Auditing Asset-Specific Preferences in Financial Large Language Models: Evidence from Bitcoin Representations and Portfolio Allocation

arXiv:2606.02528v1 Announce Type: cross Abstract: Large language models now power robo-advisors and trading agents, yet whether they carry built-in biases toward specific assets is largely untested. We ask three questions: do LLMs systematically prefer certain financial instruments; can an internal representation with causal leverage over those preferences be identified; and does that representation affect downstream financial decisions? We develop a three-level audit protocol and apply it to Bitcoin. First, a behavioral audit of eight frontier LLMs shows that Bitcoin's ranking among money-lik
The proliferation of Large Language Models (LLMs) in financial applications necessitates immediate scrutiny into their inherent biases as they transition from research to deployment.
Biases in financial LLMs can lead to systematically skewed financial advice and portfolio allocations, posing significant risks for investors and potentially destabilizing markets.
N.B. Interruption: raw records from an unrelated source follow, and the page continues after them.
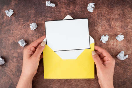 Hands Of Businesswoman Holding Blank Sheet And Envelope Surrounded With Crumpled Papers Over Wood. Woman With Letter Showing Crucial Message. Empty Space For Advertising.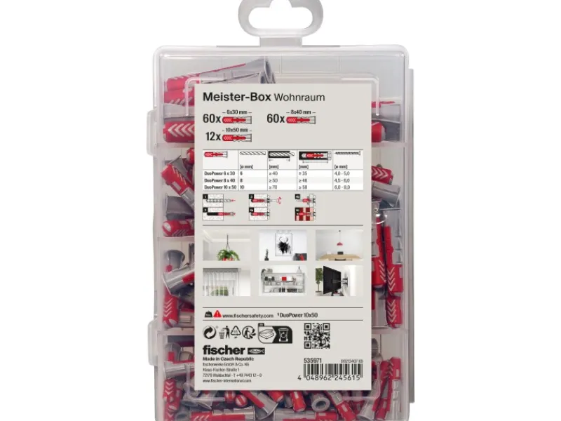 Diese fischer Meister-Box bietet eine praktische und übersichtliche Aufbewahrungslösung als Dübelset für Werkstatt und Baustelle. Der hochwertige, schlagfeste Kunststoffbehälter mit transparentem Deckel ermöglicht jederzeit einen klaren Blick auf den Inhalt. Die vorsortierte 132-teilige Box enthält 120 x DuoPower 6 x 30, 60 x DuoPower 8 x 40 und 30 x DuoPower 10 x 50, optimal für die Befestigung im Wohnraum. Der DuoPower ist ein intelligenter 2-Komponenten-Dübel, der sich automatisch den Gegebenheiten des Baustoffs anpasst. Dank seiner kompakten Bauform reduziert der DuoPower den Bohraufwand, während der schmale Dübelrand das Durchrutschen in das Bohrloch verhindert. Die integrierte Mitdrehsicherung sorgt dafür, dass der Dübel sicher fixiert bleibt und die bestmögliche Rückmeldung gibt einem sofort das Gefühl, wenn der Dübel optimal sitzt. Der DuoPower eignet sich optimal zur Befestigung von leichten und schweren Gegenständen wie Bildern, Lampen, Konsolen, Spiegeln, Wandregalen, Bad- und WC-Einrichtungen sowie Dunstabzugshauben in verschiedenen Baustoffen wie Beton, Volllochziegel, Hochlochziegel, Naturstein, Gipskarton, Gipsbauplatten, Faserplatten, Hohldecken, Bruchsteinwände, Fachwerkbauwände und Spanplatten.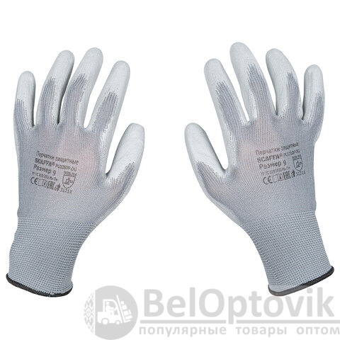 Перчатки нейлоновые SCAFFA "Базис", полиуретановое покрытие (облив), размер 9 (L), 00-00012435

The focus is shifting from simply deploying LLMs in finance to actively auditing and understanding their internal representations and preferences for specific assets, impacting regulatory and development protocols.
- · AI ethicists and auditors
- · Regulatory bodies
- · Retail investors (via improved transparency)
- · Unregulated 'robo-advisors'
- · LLM developers ignoring bias audits
- · Investors exposed to biased agents
Increased demand for robust auditing frameworks and tools for financial AI models.
Regulatory bodies may mandate bias audits for all AI-powered financial advisory tools, shaping product development.
The transparency unearthed could influence asset valuations, particularly for assets found to be systematically favored or disfavored by prominent AI models.
This signal links to a primary source. Continuum Brief monitors and indexes it as part of the live intelligence stream — we do not republish source content.